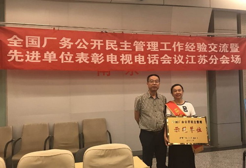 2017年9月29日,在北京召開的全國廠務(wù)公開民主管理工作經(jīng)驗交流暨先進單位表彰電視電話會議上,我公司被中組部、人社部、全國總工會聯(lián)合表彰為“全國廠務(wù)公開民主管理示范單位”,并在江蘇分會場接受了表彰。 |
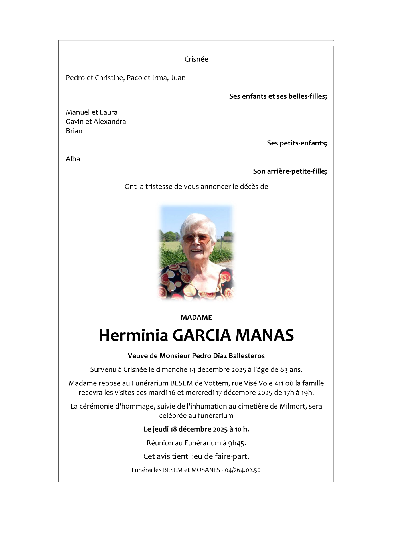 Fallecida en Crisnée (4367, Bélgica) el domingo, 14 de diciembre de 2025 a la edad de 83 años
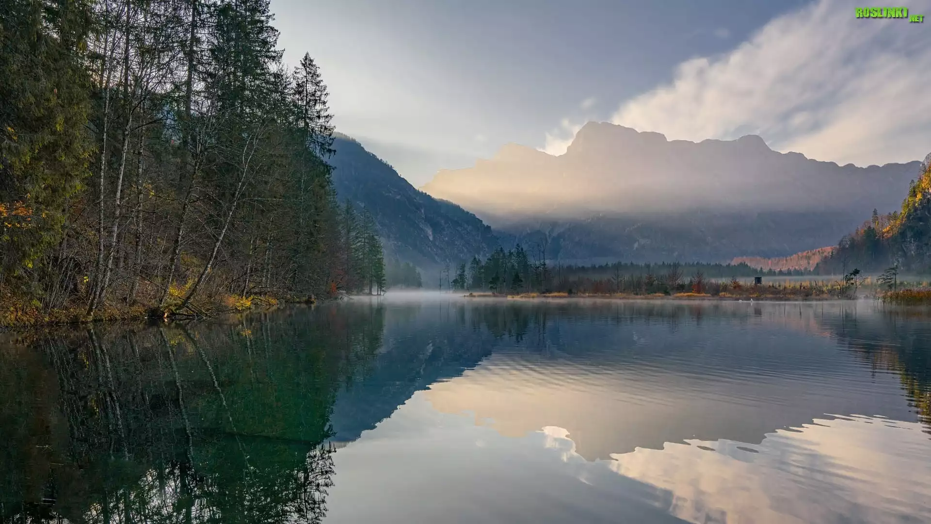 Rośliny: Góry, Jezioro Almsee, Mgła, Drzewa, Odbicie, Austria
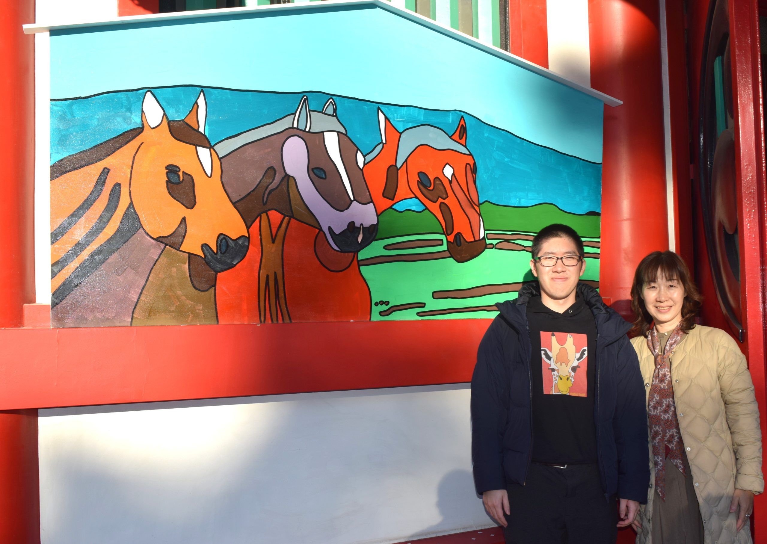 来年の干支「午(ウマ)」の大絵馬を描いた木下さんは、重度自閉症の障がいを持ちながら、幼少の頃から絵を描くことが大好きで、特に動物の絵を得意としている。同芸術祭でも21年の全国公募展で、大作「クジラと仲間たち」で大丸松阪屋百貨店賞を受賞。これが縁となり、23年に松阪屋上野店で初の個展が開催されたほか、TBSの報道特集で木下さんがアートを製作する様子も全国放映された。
==
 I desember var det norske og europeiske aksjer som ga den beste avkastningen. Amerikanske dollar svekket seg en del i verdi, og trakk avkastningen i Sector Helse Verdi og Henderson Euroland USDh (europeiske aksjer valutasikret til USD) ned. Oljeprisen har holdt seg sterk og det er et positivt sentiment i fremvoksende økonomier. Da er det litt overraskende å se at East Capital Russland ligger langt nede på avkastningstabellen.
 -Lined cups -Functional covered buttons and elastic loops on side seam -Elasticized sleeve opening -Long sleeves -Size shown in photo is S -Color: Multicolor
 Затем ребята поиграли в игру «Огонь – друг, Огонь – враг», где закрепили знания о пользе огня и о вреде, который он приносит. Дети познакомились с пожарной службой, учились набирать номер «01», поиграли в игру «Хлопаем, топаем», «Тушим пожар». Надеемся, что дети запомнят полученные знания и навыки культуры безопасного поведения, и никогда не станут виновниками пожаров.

== ASSIGNED TASK ==
Reproduce verbatim only the segment of the listing bounded by the line containing "I desember var" and the line containing "Затем ребята поиграли", with both boundary lines included.

== REPLY TO THE EXERCISE ==
 I desember var det norske og europeiske aksjer som ga den beste avkastningen. Amerikanske dollar svekket seg en del i verdi, og trakk avkastningen i Sector Helse Verdi og Henderson Euroland USDh (europeiske aksjer valutasikret til USD) ned. Oljeprisen har holdt seg sterk og det er et positivt sentiment i fremvoksende økonomier. Da er det litt overraskende å se at East Capital Russland ligger langt nede på avkastningstabellen.
 -Lined cups -Functional covered buttons and elastic loops on side seam -Elasticized sleeve opening -Long sleeves -Size shown in photo is S -Color: Multicolor
 Затем ребята поиграли в игру «Огонь – друг, Огонь – враг», где закрепили знания о пользе огня и о вреде, который он приносит. Дети познакомились с пожарной службой, учились набирать номер «01», поиграли в игру «Хлопаем, топаем», «Тушим пожар». Надеемся, что дети запомнят полученные знания и навыки культуры безопасного поведения, и никогда не станут виновниками пожаров.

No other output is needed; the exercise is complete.